*** Begin section ***
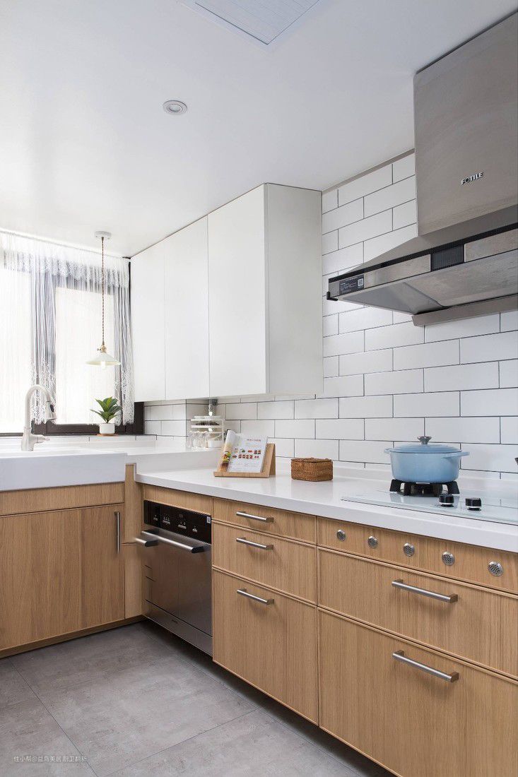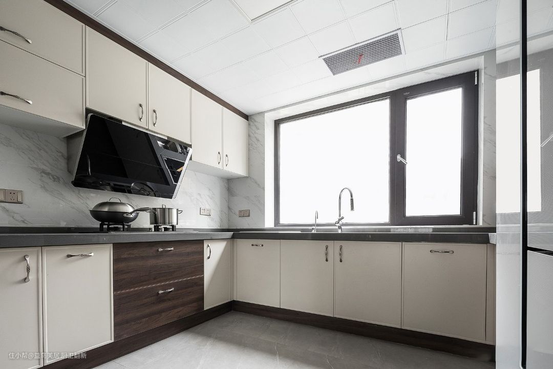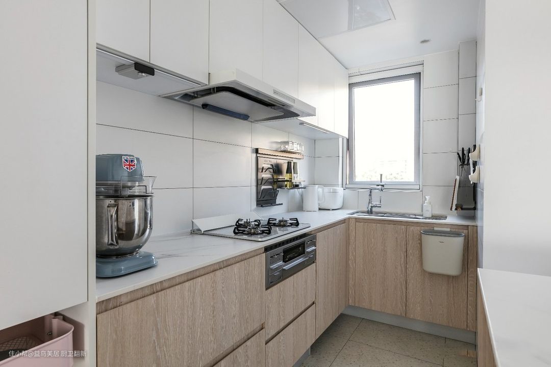 (2)柜门不要选择太过复杂的造型,越简单越好,厨房是油烟重地,简单的橱柜方便我们后期打理,可选用上浅下深的配色,更有立体感,还显得厨房空间能大一些。
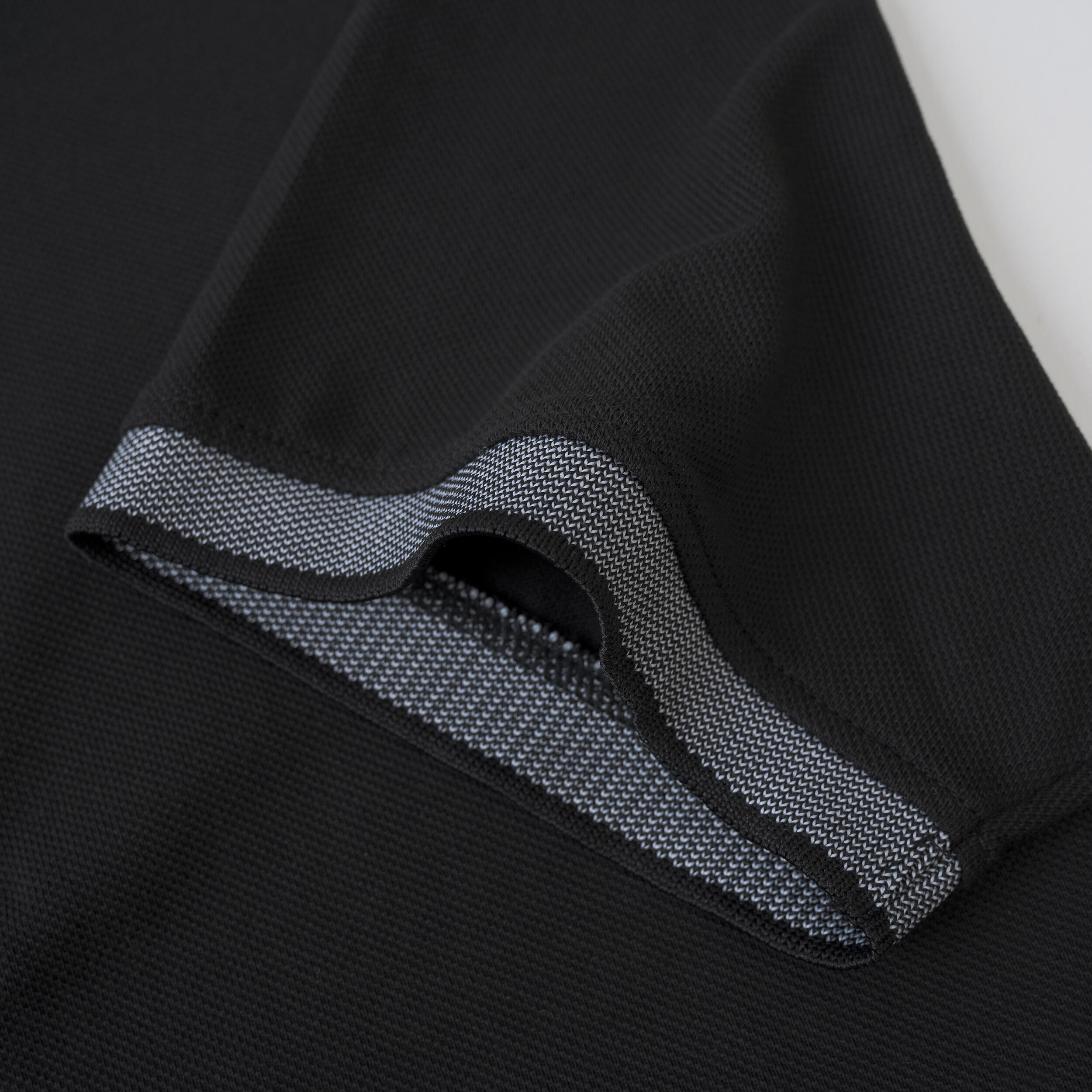 + Thiết kế hiện đại với cổ áo và tay áo bo dệt chỉn chu, gấu áo xẻ tà hai bên được hoàn thiện bằng dây dệt 3 màu độc đáo – chi tiết tạo điểm nhấn nổi bật cho tổng thể.
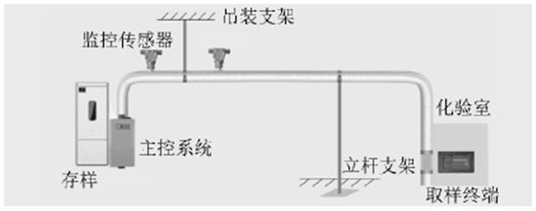 样品自动传输系统是一套实现样品从采样到化验全过程无缝衔接的专业系统, 以样品传输过程“无人值守、人样分离” 为目标, 率先引入先进的“即化即取” 管理理念, 全面采用物联网、自动化、在线监测等技术, 为样品作业过程自动化处理提供了可靠的技术支撑, 为物联网技术在我国传统火电工业开创了全新的应用, 对燃料智能化管理带来全新的变革。样品自动传输系统如图2所示。
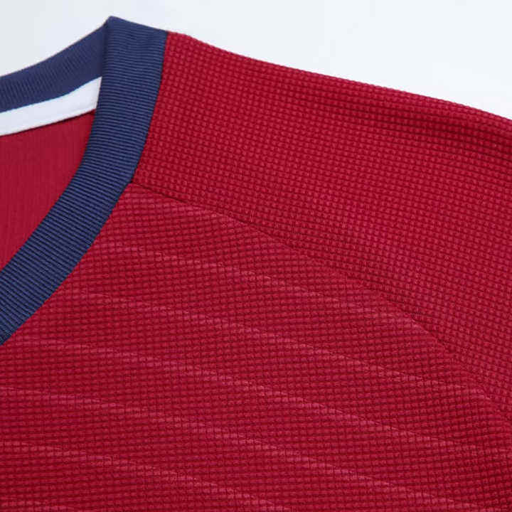 ตำแหน่งโลโก้:ด้านหน้า, ด้านหลัง, แขนเสื้อด้านซ้าย, แขนเสื้อด้านขวา, ขอบล่าง, หลังคอ
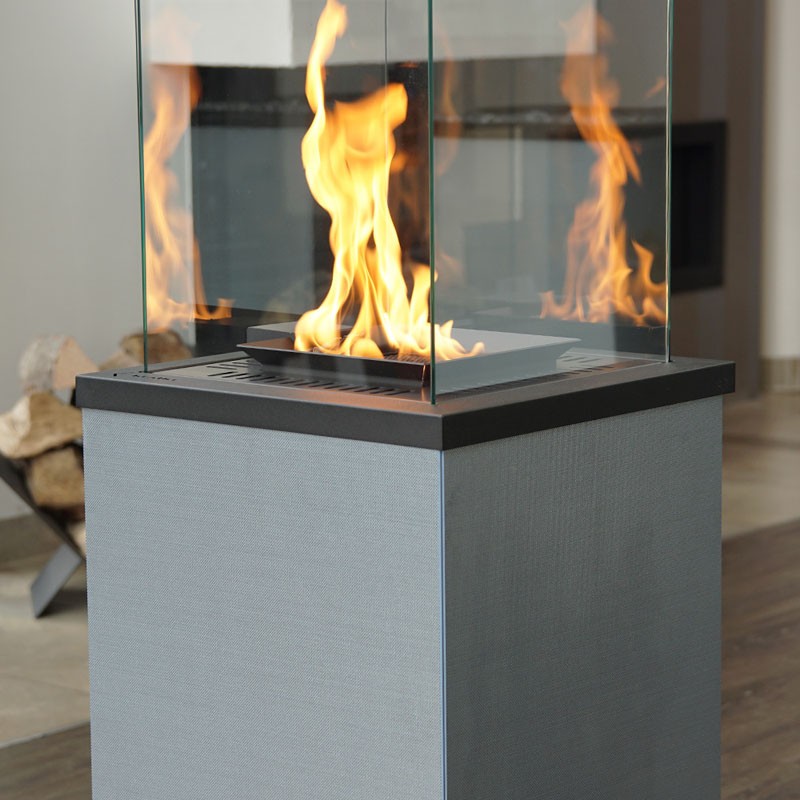 Szklane osłony nie tylko stabilizują płomień, ale również chronią przed bezpośrednim dostępem do ognia i potęgują jego blask. Dzięki bezpiecznemu i wydajnemu palnikowi ogrzewacz nie generuje dymu, przez co szyby nie wymagają kłopotliwego czyszczenia. Dedykowany pokrowiec zapewnia ochronę kominka podczas przechowywania i pomaga utrzymać go w czystości.
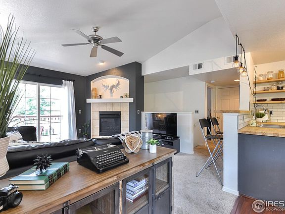Beautiful loft style condo in west Fort Collins. This home has been lovingly maintained and includes remodeled kitchen w/butcher block countertops, updated lighting, some open shelving and vinyl wood flooring. Vaulted ceilings, gas fireplace, a deck and mountain views complete the main living space. Master bedroom with vaulted ceilings and walk-in closet. New updated vanity and flooring in bathroom.
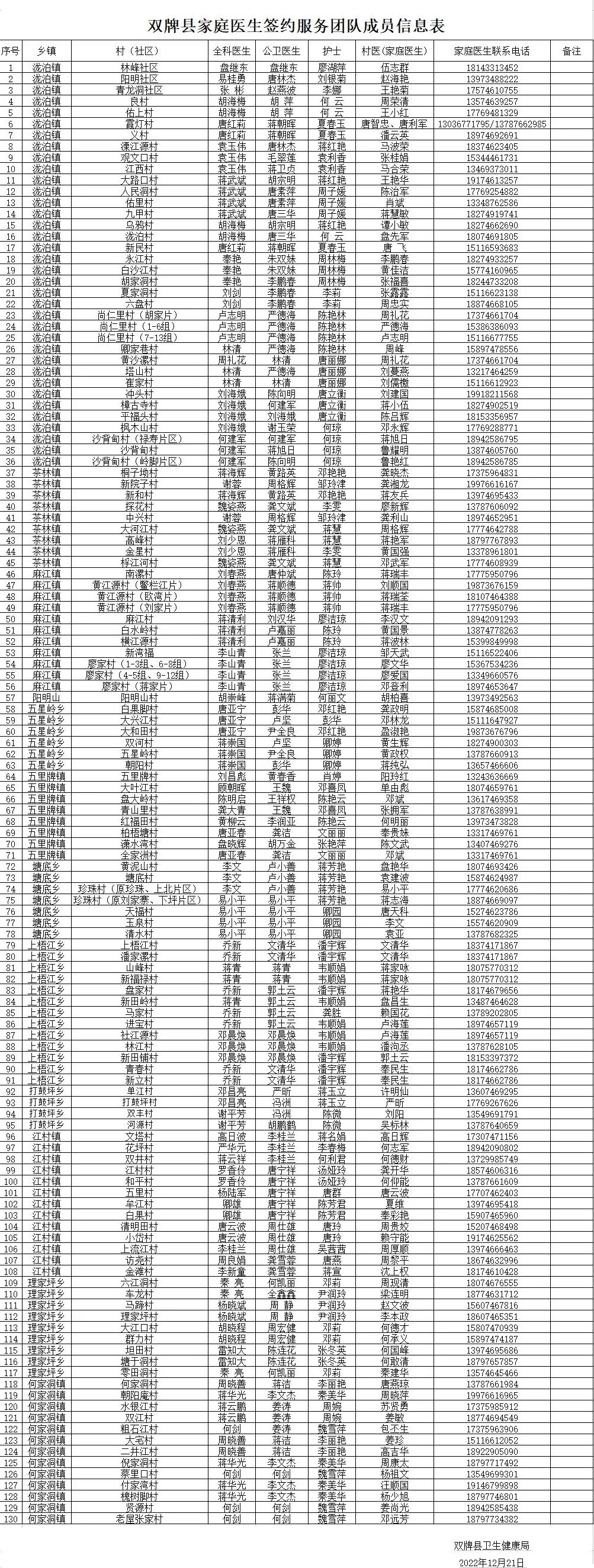 雙牌縣關于重點人群家庭醫生簽約服務團隊的公示
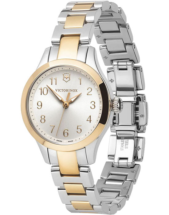 Женские швейцарские часы с сапфировым стеклом. Victorinox ALLIANCE 241842, кварцевый механизм с высокой точностью. Сапфировое стекло устойчивое к появлению царапин, обладающее высокой прозрачностью. Класс водозащиты: 100 метров, позволит плавать, нырять и заниматься другими водными видами спорта. Корпус часов изготовлен из стали, цвета.
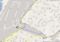 Nach der Unterführung sind es nur noch wenige Meter. An der Einmündung von rechts geht es für Teilnehmer mit Mercedes-Benz und smarts links auf das Gelände der Henrichshütte, Besucher fahren weiter geradeaus auf den Besucherparkplatz des Museums und kommen über den Eingang Museum auf das Gelände des SCHÖNE STERNE Treffens.
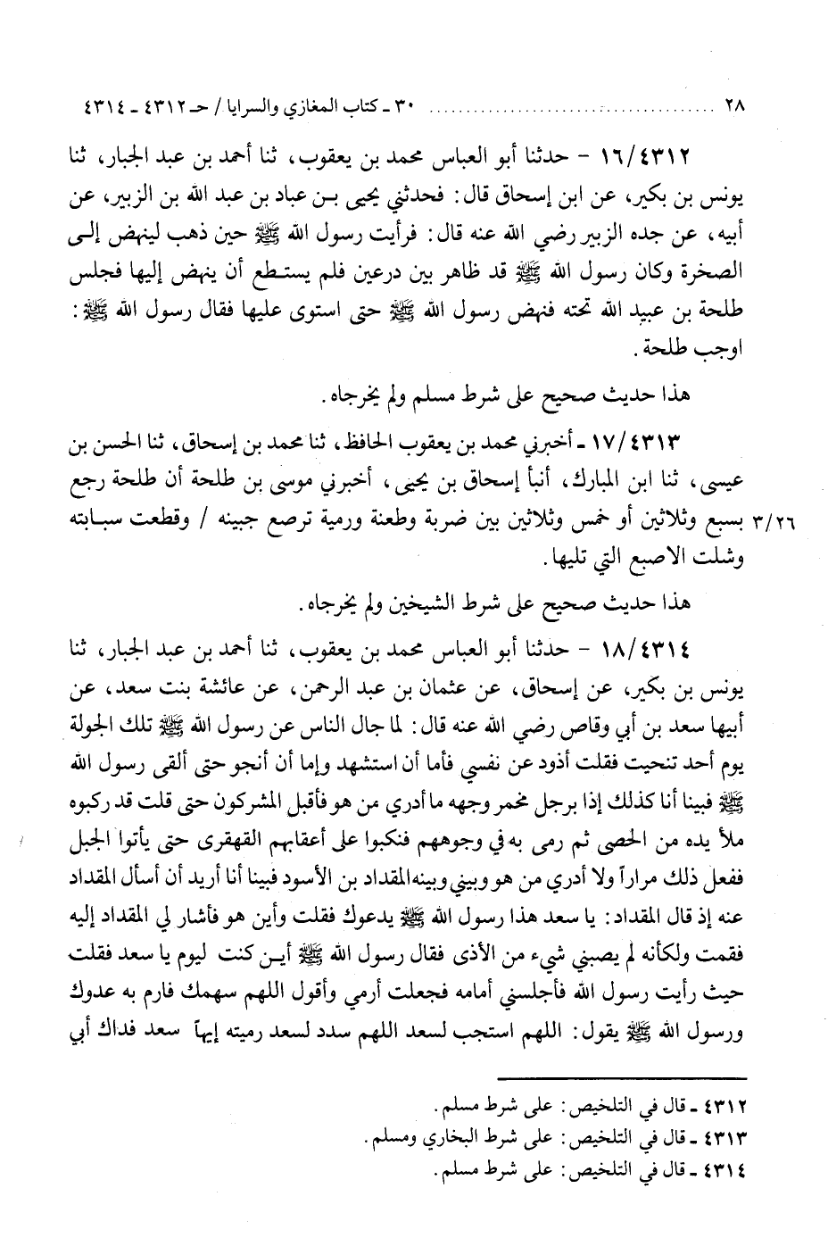 4312 - حَدَّثَنَا أَبُو الْعَبَّاسِ مُحَمَّدُ بْنُ يَعْقُوبَ، ثنا أَحْمَدُ بْنُ عَبْدِ الْجَبَّارِ، ثنا يُونُسُ بْنُ بُكَيْرٍ، عَنِ ابْنِ إِسْحَاقَ، قَالَ: فَحَدَّثَنِي يَحْيَى بْنُ عَبَّادِ بْنِ عَبْدِ اللَّهِ بْنِ الزُّبَيْرِ، عَنْ أَبِيهِ، عَنْ جَدِّهِ الزُّبَيْرِ رَضِيَ اللَّهُ عَنْهُ قَالَ: §" فَرَأَيْتُ رَسُولَ اللَّهِ صَلَّى اللهُ عَلَيْهِ وَسَلَّمَ حِينَ ذَهَبَ لِيَنْهَضَ إِلَى الصَّخْرَةِ، وَكَانَ رَسُولُ اللَّهِ صَلَّى اللهُ عَلَيْهِ وَسَلَّمَ قَدْ ظَاهَرَ بَيْنَ دِرْعَيْنِ، فَلَمْ يَسْتَطِعْ أَنْ يَنْهَضَ إِلَيْهَا، فَجَلَسَ طَلْحَةُ بْنُ عُبَيْدِ اللَّهِ تَحْتَهُ، فَنَهَضَ رَسُولُ اللَّهِ صَلَّى اللهُ عَلَيْهِ وَسَلَّمَ حَتَّى اسْتَوَى عَلَيْهَا، فَقَالَ رَسُولُ اللَّهِ صَلَّى اللهُ عَلَيْهِ وَسَلَّمَ: «أَوْجَبَ طَلْحَةُ» هَذَا حَدِيثٌ صَحِيحٌ عَلَى شَرْطِ مُسْلِمٍ، وَلَمْ يُخَرِّجَاهُ "K4312 - على شرط مسلم
*** End section ***
• What the exercise asks: Exactly the lines from the one with "Женские швейцарские часы" through the end of the records should be written out, and only those. Pictures do not belong in the copy.

• Output for this exercise:
 Женские швейцарские часы с сапфировым стеклом. Victorinox ALLIANCE 241842, кварцевый механизм с высокой точностью. Сапфировое стекло устойчивое к появлению царапин, обладающее высокой прозрачностью. Класс водозащиты: 100 метров, позволит плавать, нырять и заниматься другими водными видами спорта. Корпус часов изготовлен из стали, цвета.
 Nach der Unterführung sind es nur noch wenige Meter. An der Einmündung von rechts geht es für Teilnehmer mit Mercedes-Benz und smarts links auf das Gelände der Henrichshütte, Besucher fahren weiter geradeaus auf den Besucherparkplatz des Museums und kommen über den Eingang Museum auf das Gelände des SCHÖNE STERNE Treffens.
 4312 - حَدَّثَنَا أَبُو الْعَبَّاسِ مُحَمَّدُ بْنُ يَعْقُوبَ، ثنا أَحْمَدُ بْنُ عَبْدِ الْجَبَّارِ، ثنا يُونُسُ بْنُ بُكَيْرٍ، عَنِ ابْنِ إِسْحَاقَ، قَالَ: فَحَدَّثَنِي يَحْيَى بْنُ عَبَّادِ بْنِ عَبْدِ اللَّهِ بْنِ الزُّبَيْرِ، عَنْ أَبِيهِ، عَنْ جَدِّهِ الزُّبَيْرِ رَضِيَ اللَّهُ عَنْهُ قَالَ: §" فَرَأَيْتُ رَسُولَ اللَّهِ صَلَّى اللهُ عَلَيْهِ وَسَلَّمَ حِينَ ذَهَبَ لِيَنْهَضَ إِلَى الصَّخْرَةِ، وَكَانَ رَسُولُ اللَّهِ صَلَّى اللهُ عَلَيْهِ وَسَلَّمَ قَدْ ظَاهَرَ بَيْنَ دِرْعَيْنِ، فَلَمْ يَسْتَطِعْ أَنْ يَنْهَضَ إِلَيْهَا، فَجَلَسَ طَلْحَةُ بْنُ عُبَيْدِ اللَّهِ تَحْتَهُ، فَنَهَضَ رَسُولُ اللَّهِ صَلَّى اللهُ عَلَيْهِ وَسَلَّمَ حَتَّى اسْتَوَى عَلَيْهَا، فَقَالَ رَسُولُ اللَّهِ صَلَّى اللهُ عَلَيْهِ وَسَلَّمَ: «أَوْجَبَ طَلْحَةُ» هَذَا حَدِيثٌ صَحِيحٌ عَلَى شَرْطِ مُسْلِمٍ، وَلَمْ يُخَرِّجَاهُ "K4312 - على شرط مسلم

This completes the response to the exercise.